Objectives: This study investigated the relative participation of each cerebral hemisphere during a lateralized task that can be performed by a single hemisphere. This first of two articles focuses on recordings from visual and motor cortices.

Methods: Intracranial event-related potentials (ERPs) were recorded from occipital and/or peri-Rolandic sites in 8 patients with intractable epilepsy while they performed a lateralized visual oddball task.

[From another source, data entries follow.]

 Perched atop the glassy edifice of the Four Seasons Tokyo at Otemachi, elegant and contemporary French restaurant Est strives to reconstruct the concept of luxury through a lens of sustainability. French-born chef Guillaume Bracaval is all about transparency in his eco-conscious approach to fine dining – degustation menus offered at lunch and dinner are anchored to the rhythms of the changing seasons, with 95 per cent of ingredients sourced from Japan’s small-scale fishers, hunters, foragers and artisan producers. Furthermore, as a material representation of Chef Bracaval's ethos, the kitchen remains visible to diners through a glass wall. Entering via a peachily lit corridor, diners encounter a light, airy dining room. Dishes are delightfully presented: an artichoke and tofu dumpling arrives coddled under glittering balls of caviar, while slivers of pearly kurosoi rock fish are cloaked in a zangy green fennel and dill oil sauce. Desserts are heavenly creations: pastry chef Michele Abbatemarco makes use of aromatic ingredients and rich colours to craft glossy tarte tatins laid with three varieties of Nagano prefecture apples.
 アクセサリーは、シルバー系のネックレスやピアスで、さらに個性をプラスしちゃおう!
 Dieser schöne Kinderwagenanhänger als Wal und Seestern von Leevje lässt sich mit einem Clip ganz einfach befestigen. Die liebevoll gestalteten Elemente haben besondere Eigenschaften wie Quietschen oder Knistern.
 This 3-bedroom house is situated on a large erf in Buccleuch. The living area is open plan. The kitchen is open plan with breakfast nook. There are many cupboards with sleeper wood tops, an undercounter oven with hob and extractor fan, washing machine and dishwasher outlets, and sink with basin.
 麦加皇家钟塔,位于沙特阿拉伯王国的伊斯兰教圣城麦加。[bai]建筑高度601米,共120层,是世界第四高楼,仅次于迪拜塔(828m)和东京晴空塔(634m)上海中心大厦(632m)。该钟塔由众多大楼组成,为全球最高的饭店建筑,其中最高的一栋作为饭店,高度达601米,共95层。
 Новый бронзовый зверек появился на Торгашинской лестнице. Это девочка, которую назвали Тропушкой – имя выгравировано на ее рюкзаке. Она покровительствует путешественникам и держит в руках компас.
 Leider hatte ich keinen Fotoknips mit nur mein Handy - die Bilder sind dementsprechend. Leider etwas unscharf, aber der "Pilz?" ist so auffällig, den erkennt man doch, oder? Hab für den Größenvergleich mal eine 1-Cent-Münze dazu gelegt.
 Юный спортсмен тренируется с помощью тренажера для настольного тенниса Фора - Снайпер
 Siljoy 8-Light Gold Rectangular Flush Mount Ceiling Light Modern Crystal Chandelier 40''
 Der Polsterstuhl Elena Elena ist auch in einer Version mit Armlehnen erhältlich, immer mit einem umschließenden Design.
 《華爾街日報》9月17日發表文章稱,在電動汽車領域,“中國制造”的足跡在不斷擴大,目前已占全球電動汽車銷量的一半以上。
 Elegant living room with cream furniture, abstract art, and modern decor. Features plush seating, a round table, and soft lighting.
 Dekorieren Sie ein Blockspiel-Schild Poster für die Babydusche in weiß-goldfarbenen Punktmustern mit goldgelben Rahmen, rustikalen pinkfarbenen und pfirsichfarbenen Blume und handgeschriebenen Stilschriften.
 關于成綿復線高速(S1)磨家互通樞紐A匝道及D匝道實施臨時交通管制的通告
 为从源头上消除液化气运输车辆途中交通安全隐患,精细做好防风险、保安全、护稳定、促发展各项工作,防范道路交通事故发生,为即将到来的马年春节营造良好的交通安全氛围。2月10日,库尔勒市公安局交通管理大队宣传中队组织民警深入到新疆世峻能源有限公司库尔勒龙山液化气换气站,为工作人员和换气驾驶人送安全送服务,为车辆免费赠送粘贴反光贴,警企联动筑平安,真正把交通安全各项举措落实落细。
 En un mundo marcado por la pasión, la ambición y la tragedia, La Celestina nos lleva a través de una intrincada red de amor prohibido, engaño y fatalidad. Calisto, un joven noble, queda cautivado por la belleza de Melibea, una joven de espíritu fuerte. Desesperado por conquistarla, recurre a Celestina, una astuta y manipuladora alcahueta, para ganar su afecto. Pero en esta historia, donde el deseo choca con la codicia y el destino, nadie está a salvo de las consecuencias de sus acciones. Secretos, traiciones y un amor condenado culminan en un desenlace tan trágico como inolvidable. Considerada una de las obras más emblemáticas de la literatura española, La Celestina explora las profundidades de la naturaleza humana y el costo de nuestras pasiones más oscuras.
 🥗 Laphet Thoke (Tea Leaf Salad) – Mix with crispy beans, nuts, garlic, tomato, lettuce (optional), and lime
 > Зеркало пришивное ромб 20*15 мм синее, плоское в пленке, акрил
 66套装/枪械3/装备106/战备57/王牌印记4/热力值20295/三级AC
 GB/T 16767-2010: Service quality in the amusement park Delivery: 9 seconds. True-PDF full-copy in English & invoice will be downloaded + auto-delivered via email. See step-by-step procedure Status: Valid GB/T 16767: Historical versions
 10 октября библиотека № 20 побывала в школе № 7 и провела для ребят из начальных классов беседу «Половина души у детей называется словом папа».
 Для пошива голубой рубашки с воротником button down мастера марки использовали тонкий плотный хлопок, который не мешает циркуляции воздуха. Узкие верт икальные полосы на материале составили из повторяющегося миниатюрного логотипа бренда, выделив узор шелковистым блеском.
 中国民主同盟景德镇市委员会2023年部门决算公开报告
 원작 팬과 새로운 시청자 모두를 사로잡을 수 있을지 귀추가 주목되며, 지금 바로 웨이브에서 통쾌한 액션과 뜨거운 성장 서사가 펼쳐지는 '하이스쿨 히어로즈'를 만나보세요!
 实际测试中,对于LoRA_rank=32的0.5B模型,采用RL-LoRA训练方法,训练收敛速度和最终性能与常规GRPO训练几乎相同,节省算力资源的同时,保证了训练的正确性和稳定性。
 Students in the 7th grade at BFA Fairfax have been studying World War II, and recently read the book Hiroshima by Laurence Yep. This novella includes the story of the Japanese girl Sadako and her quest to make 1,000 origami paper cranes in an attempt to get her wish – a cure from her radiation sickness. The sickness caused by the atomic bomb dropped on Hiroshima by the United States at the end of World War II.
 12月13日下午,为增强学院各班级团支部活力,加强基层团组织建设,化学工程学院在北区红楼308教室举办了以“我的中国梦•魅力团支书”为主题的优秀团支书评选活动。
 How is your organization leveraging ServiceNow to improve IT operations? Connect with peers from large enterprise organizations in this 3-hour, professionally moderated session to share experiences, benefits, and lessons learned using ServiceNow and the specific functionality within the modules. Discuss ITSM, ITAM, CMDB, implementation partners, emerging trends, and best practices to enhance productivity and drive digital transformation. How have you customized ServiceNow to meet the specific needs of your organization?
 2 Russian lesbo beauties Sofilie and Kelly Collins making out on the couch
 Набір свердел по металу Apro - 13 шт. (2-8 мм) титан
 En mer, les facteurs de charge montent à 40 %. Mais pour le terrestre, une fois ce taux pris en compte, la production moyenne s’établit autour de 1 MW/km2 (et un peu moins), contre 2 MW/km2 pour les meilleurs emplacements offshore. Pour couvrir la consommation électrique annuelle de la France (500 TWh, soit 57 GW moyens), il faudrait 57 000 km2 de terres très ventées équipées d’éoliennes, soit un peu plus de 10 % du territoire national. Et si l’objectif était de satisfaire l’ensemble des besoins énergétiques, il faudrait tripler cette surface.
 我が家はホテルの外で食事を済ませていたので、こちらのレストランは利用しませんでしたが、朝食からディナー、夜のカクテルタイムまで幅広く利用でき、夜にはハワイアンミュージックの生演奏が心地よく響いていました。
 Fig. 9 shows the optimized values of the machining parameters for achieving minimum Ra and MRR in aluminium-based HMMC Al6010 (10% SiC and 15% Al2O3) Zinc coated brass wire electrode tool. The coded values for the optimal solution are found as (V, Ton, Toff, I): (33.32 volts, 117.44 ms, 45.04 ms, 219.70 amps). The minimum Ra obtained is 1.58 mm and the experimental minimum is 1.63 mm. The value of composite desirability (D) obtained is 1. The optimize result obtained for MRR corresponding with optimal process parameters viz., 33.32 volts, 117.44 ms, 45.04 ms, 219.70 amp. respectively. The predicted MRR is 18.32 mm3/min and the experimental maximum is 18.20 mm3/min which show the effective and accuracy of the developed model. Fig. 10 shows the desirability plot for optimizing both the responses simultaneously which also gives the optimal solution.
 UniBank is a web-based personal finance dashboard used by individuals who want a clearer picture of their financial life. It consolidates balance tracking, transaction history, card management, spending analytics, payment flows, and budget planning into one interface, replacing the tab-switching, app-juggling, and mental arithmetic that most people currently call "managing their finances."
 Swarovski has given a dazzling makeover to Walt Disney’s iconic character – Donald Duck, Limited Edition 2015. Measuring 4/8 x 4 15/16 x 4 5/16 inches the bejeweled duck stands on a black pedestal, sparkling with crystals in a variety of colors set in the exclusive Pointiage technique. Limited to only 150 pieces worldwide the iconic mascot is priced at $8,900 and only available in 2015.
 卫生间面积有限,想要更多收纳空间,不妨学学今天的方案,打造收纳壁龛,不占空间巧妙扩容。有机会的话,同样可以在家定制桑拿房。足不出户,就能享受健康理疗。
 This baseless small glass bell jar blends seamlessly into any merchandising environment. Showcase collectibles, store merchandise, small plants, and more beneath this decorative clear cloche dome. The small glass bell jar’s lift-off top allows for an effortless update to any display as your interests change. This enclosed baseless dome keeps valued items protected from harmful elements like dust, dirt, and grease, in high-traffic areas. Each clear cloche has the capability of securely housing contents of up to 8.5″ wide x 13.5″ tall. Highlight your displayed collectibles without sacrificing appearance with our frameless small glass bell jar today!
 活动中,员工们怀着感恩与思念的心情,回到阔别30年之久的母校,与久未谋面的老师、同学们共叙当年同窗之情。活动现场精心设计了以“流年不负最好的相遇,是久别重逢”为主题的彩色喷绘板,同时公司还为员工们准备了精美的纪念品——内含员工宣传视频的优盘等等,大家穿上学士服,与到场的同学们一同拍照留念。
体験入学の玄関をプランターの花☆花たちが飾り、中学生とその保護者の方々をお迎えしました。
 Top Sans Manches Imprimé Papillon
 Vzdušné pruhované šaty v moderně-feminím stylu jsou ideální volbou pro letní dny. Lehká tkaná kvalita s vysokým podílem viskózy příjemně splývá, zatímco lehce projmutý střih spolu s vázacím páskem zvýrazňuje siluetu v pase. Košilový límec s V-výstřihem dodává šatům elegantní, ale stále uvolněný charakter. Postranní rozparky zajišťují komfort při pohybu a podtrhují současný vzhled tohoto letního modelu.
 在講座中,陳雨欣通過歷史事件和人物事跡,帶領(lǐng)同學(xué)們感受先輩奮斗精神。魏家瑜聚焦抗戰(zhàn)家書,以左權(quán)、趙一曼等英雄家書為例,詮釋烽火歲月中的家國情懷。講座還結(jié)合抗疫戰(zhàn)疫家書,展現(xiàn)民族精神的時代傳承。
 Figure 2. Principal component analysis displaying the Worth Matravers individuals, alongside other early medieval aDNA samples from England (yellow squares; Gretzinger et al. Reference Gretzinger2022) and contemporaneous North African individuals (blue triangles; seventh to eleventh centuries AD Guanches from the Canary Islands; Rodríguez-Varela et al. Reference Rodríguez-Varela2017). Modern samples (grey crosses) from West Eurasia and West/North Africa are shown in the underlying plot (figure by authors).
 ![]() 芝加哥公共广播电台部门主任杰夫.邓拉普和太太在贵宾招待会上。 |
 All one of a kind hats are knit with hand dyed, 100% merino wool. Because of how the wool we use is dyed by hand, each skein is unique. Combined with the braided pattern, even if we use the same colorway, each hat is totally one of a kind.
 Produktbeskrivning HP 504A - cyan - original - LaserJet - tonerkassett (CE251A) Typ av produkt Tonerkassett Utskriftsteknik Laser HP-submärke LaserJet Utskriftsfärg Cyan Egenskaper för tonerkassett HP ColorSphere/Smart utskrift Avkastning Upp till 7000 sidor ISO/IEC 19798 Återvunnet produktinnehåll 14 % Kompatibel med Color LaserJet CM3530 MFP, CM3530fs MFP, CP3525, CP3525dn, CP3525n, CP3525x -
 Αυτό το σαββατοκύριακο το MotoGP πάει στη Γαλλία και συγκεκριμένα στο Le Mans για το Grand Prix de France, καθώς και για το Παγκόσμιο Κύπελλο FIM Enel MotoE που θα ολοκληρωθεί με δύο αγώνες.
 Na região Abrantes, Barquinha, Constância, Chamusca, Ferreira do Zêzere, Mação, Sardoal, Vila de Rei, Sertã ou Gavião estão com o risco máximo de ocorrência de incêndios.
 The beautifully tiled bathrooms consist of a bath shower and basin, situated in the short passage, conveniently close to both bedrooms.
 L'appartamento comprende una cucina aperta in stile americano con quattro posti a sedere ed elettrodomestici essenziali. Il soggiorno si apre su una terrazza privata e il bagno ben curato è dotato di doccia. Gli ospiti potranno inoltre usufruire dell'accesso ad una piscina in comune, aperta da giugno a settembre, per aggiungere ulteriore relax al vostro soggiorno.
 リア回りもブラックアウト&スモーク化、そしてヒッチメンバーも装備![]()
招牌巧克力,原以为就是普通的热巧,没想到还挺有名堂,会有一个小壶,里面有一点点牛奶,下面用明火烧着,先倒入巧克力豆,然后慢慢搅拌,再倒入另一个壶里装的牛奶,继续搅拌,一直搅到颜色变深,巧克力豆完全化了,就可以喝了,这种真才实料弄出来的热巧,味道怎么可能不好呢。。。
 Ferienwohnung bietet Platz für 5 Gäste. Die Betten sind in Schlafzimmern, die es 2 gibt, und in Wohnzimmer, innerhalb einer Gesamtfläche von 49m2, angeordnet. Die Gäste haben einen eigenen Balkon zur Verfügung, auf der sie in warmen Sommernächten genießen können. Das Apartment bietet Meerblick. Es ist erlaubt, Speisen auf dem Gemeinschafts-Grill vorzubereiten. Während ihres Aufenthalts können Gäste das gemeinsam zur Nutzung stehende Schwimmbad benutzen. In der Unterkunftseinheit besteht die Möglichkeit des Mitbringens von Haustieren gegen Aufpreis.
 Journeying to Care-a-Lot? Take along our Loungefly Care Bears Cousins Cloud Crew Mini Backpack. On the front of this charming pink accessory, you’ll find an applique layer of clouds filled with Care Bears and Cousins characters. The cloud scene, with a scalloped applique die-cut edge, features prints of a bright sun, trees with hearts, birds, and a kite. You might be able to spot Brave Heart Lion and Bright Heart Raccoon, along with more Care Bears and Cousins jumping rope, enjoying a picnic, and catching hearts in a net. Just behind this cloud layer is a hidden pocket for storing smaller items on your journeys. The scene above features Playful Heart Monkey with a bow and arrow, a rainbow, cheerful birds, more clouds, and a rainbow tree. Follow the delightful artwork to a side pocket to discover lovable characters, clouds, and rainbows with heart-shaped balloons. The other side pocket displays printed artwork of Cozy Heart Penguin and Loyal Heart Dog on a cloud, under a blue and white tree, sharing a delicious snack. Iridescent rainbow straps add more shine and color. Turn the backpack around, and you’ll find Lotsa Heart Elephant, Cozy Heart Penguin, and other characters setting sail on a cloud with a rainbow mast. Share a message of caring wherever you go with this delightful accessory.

Results: As expected, lateralized visual (N150, P200, N250) and motor (N/P400, N/P550) ERP effects were found for occipital and peri-Rolandic recordings, respectively. These reflect an advantage for direct over indirect sensory/motor pathways. More surprisingly, some occipital recordings were paradoxically larger in amplitude for indirect than for direct visual stimulus lateralization, and other occipital sites were sensitive to motor response factors. Likewise, one peri-Rolandic site exhibited a slow wave component that was sensitive to visual sensory factors. There was also pervasive bilaterally-symmetric ERP activity as reflected by P3-like and slow wave-like components.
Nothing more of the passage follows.